Hürden: Neben der Richtungsfrage nur Sahra Wagenknecht. Sie ist Plus und Minus zugleich: Mit ihrem linken Furor schreckt sie West-Wähler ab, mit ihren rechtspopulistischen Anflügen in puncto Migration fischt sie bei der AfD. Schwierig.
Die Grünen
Ausgangslage bei den Grünen: Auch nicht einfach. Die Grünen mäandern zwischen Ernüchterung und Hartnäckigkeit: Die Öko-Partei kommt über die 8,4 Prozent aus dem Jahr 2013 nicht hinaus; die beiden Spitzenkandidaten Cem Özdemir und Katrin Göring-Eckardt wirken etwas altbacken. Auch inhaltlich setzen sie wenig Akzente: Man setzt aufs Kernthema Ökologie, das zieht aber nicht so recht – die CDU hat das Thema schon längst an sich gezogen.
Ziel und Wunschkoalition: Man würde so gern mitregieren – seit Jahren schon tagen in Berlin schwarz-grüne Vorbereitungs-Zirkel, auch Angela Merkel ist dem Bündnis nicht abgeneigt. Dennoch wird das schwierig: Viel mehr Zuspruch als 2013 erwartet sich kaum wer; kurz sah es sogar so aus, als müssten die Grünen sogar um den Einzug in den Bundestag fürchten.
Hürden: Ungelöste Imageprobleme. Während die FDP plötzlich wieder cool ist, obwohl sie sich nicht geändert hat, wirken die Grünen mit ihrem ewig gleichen Anti-Atom-und-rettet-die-Bienen-Wahlkampf nicht mehr zeitgemäß und langweilig.
Die AfD
Ausgangslage der AfD: War schon mal schlechter. Die AfD ist die wohl am öftesten totgeglaubte Partei Deutschlands, sie profitiert aber nach wie vor von einem politikverdrossenen, rechtslastigen Klientel, das sich lange von der Urne fernhielt. Nach der Spaltung 2015 und der Demontage von Parteichefin Frauke Petry 2017 sind jetzt die ganz rechten Hardliner um Alice Weidel und Alexander Gauland am Wort; ihr Kernthema: Ausländer, Ausländer, Ausländer. Das zieht, weil keine andere Partei das Thema angreift.

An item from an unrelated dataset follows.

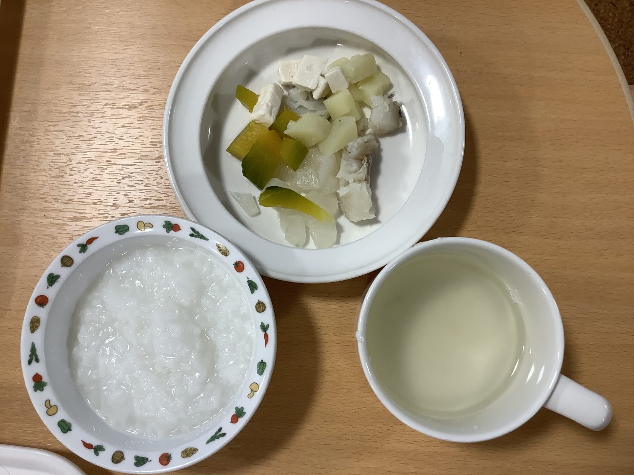 自分たちで給食を盛るさくら、もも組のこどもたちは、餡をかける作業が少し難しそうでしたが、ちゃんとお皿にのせて好きな量を調節してかけられていました。

Ziel und Wunschkoalition: Nach den Scharmützeln um Petry sackte man zwar ab, mittlerweile ist Platz drei wieder in Griffweite: In einigen Umfragen liegt die AfD bei 10 Prozent. Wichtig ist aber der Einzug in den Bundestag, denn in eine Regierung will bei der AfD eigentlich eh keiner.
Hürden: So ziemlich alle Parteimitglieder. Ein antisemitischer Ausrutscher da, eine verklärende Rede hier, das schreckt manch konservativen Wähler ab. Und natürlich Petry: Weil man sie ins Aus befördern will, giftet sie gegen die Kollegenschaft.